One of the added benefits of the kestrel and owl-monitoring programs is that it is a great way to engage the community and educate them about the work that Lafarge Canada is doing to protect local wildlife.
“It’s the perfect species in so many ways,” Priestley says. “One of the ways is the association they have with pastures and the local ranchers in the area, and the work they’ve done in managing their land. Seeing the kestrels there demonstrates to the ranchers that the conservation work they’ve done is effective, because it’s an indication that it’s a productive landscape; not just for the cattle but also for some wild species, like kestrels.”
Another positive outcome from the owl and kestrel-monitoring programs have been their increasing popularity within the local communities and schools.
Lafarge Canada has been hosting tours of the kestrel nesting boxes and the owl monitoring program for the general public for a few years now, and every year the tours have seen increasing attendance.
The company’s owl monitoring event, hosted in October, attracted 180 people from the local communities this year. Thirty people attended the July public tour of the nest boxes and the tagging of the baby kestrels.
“We have a lot of buy-in from our management for these programs, and they are very supportive of what we are trying to do,” says Bill Gowdy, Lafarge Canada’s environment and public affairs manager for northern Alberta.
Priestley says one of the most interesting things about his work with Lafarge Canada is that his team is monitoring the local kestrel and owl populations while production is ongoing at the Berrymoor site.
“The main goal is to maintain habitat,” he says. “We all use gravel, we use it all the time. Let’s extract it and make sure wildlife is considered while we’re operating in that area.”

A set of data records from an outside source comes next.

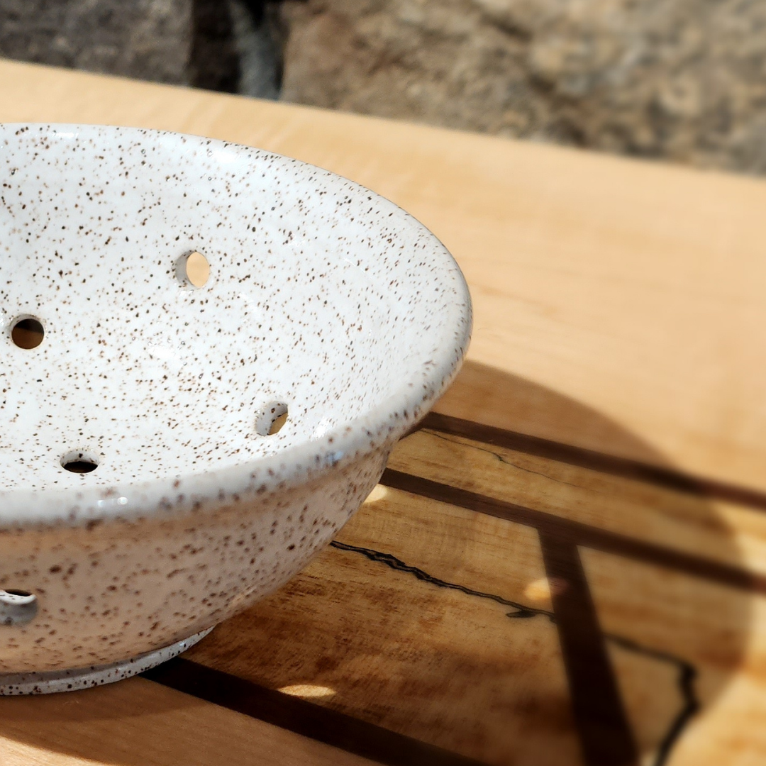 The Small Fruit Bowl is an original stoneware piece by Brendan Lada of Merrimack Mud Co. Measuring approximately 5.5” x 2.5”, this bowl is crafted from quality ceramics and mid-fire stoneware. Ideal for washing and storing berries and other small fruits, it combines functionality with artisanal craftsmanship.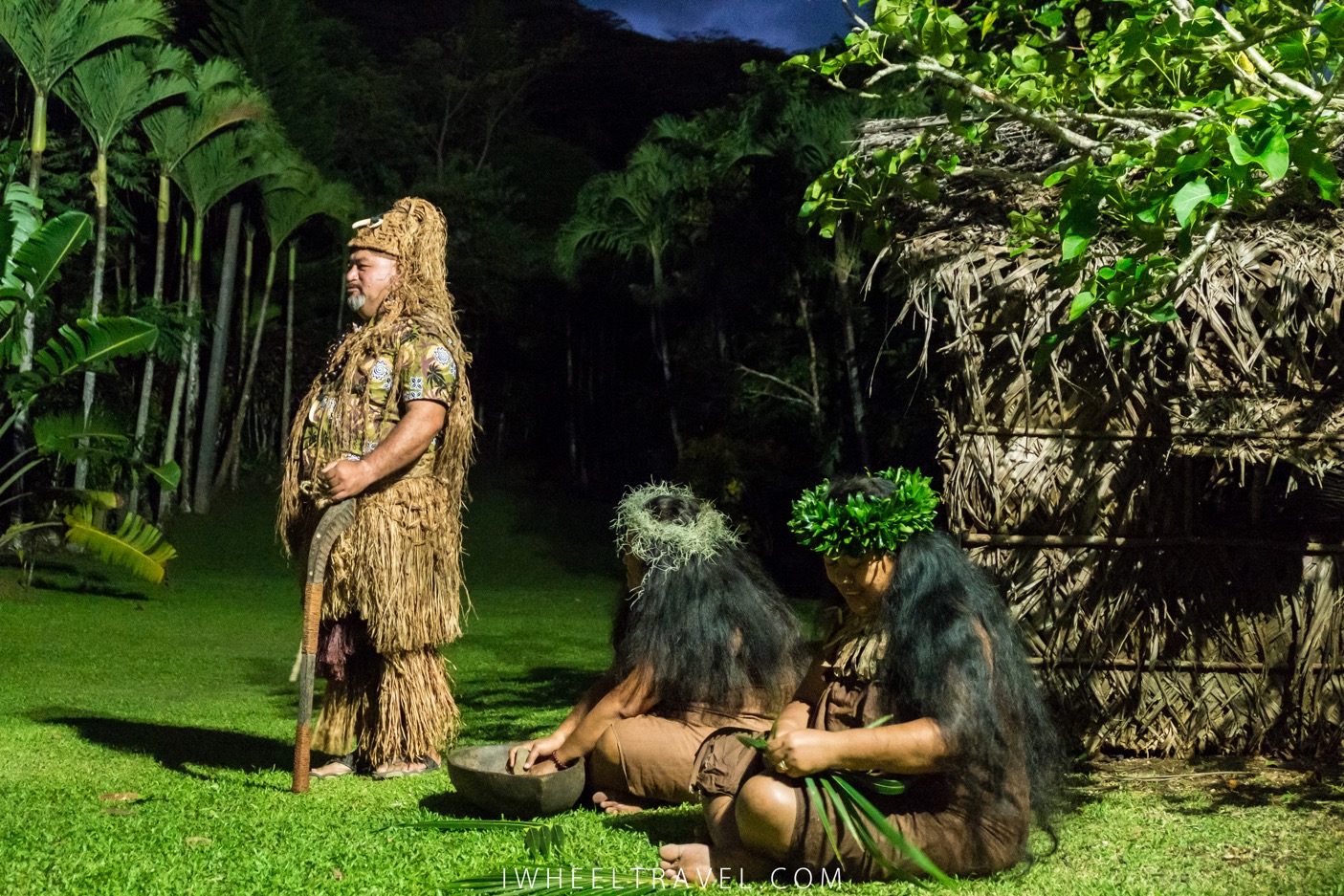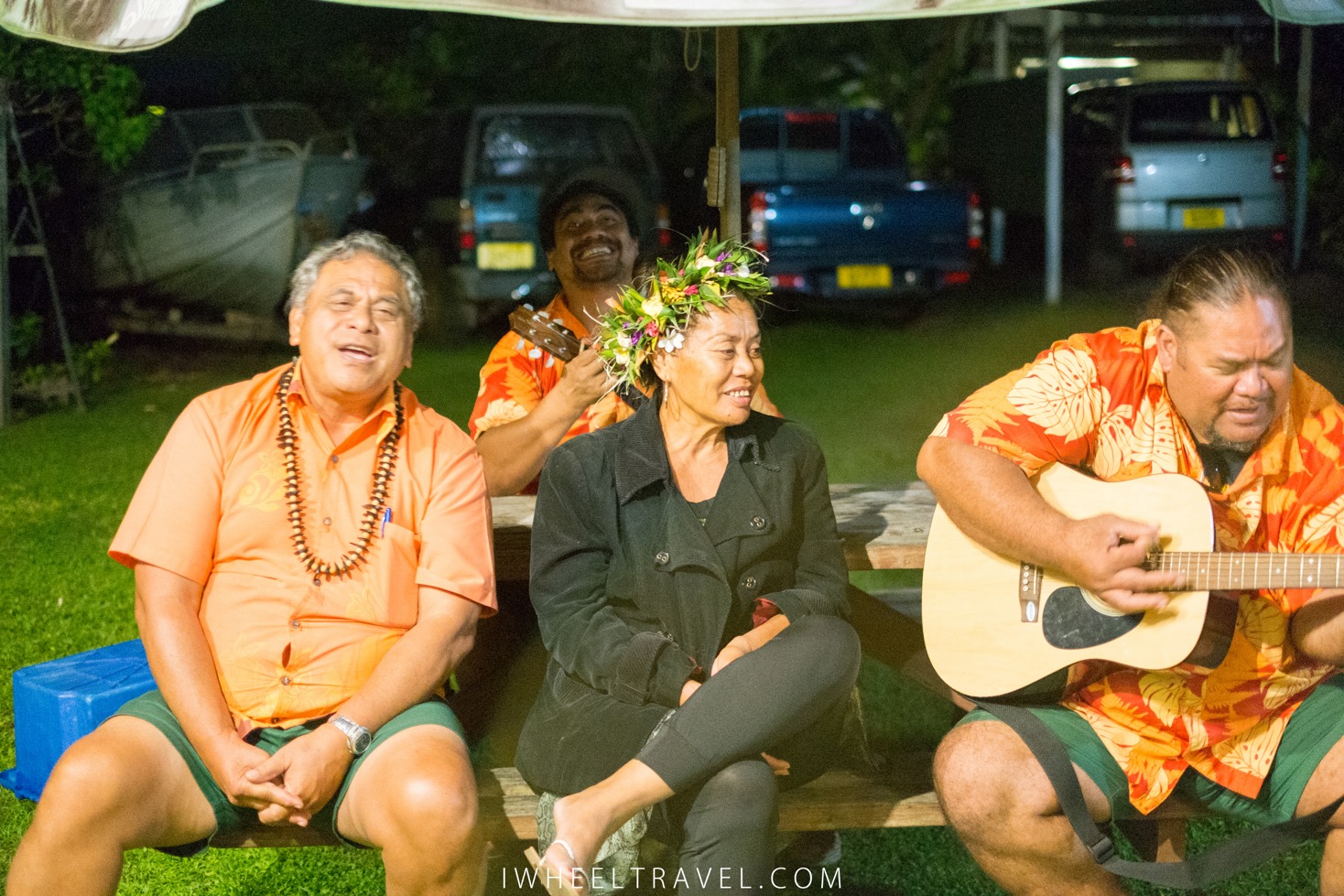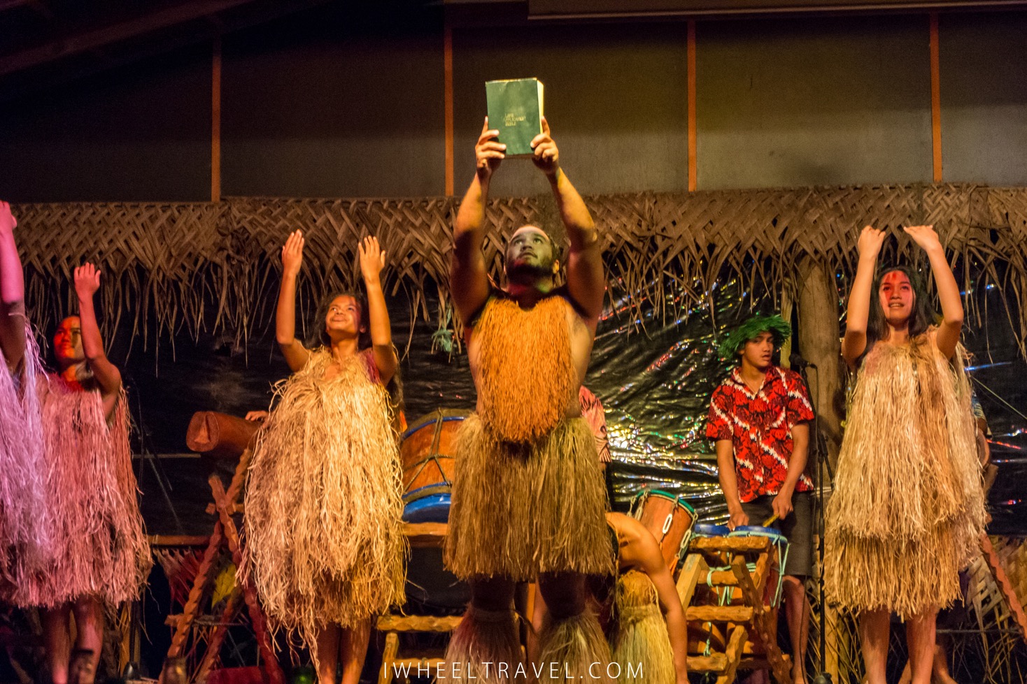 Le spectacle est par contre une totale réussite. Les chants, les danses et les percussions : tout est très bien exécuté ! Les danseuses sont si gracieuses et si jolies dans leurs tenues de vahinés que ça l’air naturel et facile alors que ça doit être bien fatiguant ! Chaque danse représente une période de l’Histoire de Rarotonga ou un moment important de vie. On découvre ainsi à travers ces prestations les guerres entre tribus, la conquête de la Nouvelle-Zélande ou les traditions qui encadrent le mariage.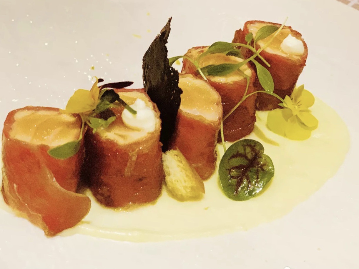 完全不同的口感层次感非常丰富 美美仙仙的鹅肝慕司芒果冻 来自西西里岛创意的混合香草盐焗比目鱼 ...

Unlike some companies that preach the desire to have sustainable operations but offer very little in terms of tangible results, Priestley says biodiversity programs like Lafarge Canada’s offer the communities they operate within results they can see.

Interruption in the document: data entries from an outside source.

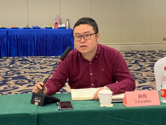 江蘇龍城精鍛集團有限公司科協(xié)秘書長孫偉先生做報告《標(biāo)準(zhǔn)起草和專利獎申報實踐經(jīng)驗分享》。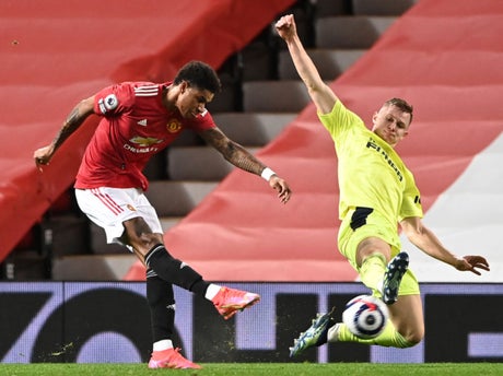 Second half goals from Daniel James and Bruno Fernandes wrapped up victory at an empty Old Trafford, where Allan Saint-Maximin cancelled out Rashford’s impressive 18th goal of the season.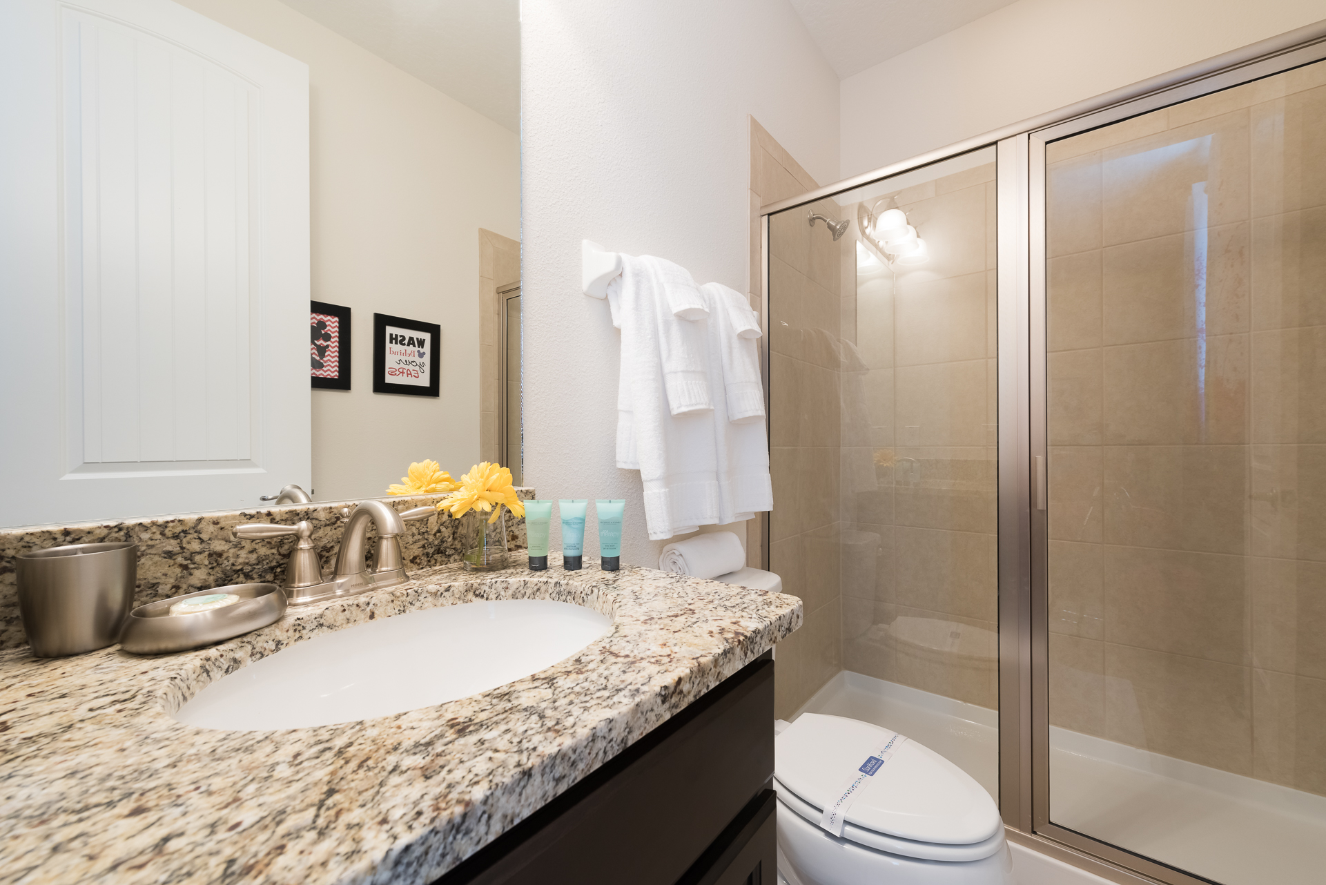 This 6 bedroom home, located at the Encore Club, is less than a 10 minute journey down the road to Walt Disney World and their 4 incredible theme parks! Conviently located for you and your loved ones to experience and enjoy, Walt Disney World's proximity from this vacation home is an added bonus while staying on the Encore Club property! The Encore Club also offers exclusive amenities right on property including a waterpark with thrilling drop and twisting slides, multiple restaurants and bars, and an amenity center with a fitness room and kid's area!

All of the monitoring information collected over the years, supports that development and wildlife can coexist.
“We can actually demonstrate what we’ve done,” Priestley says. “There are some tangibles here we can show and point to… we’re not just coming into your community and saying we’re going to be stewards of the environment; and we’re going to care about the wildlife in the area. Look at the sites we’ve worked in and what we’ve been able to accomplish.”
Priestley says that inviting local residents to come out and see the sites firsthand and interact with Lafarge Canada’s senior management speaks volumes for the way the company conducts itself.
“We had 180 people from the local community and area stakeholders from many sectors come including: local councillors, people from schools, regulatory bodies, Junior Forest Wardens, watershed groups: everybody is welcome to come to get the message out as widely as possible,” he says. “Senior management is there, and at any point, anybody can ask any question they want. Challenge us on how we’re conducting ourselves, or our impact on the environment’s wildlife, or water, or whatever your concern might be. It’s open for that.”
That transparency and willingness to engage in the community in this type of format is not something every company would be comfortable with doing, but Priestley says it pays dividends in terms of generating trust and positive public relations.
“There’s a competitive edge that having these types of programs can give you,” he says. “The community receives more value from this activity, that’s the edge. But beyond that, I think the whole industry can benefit when individual companies or people start doing these kinds of things. I think it maybe reframes how people perceive the gravel industry as a whole. I’d love to see more of that.”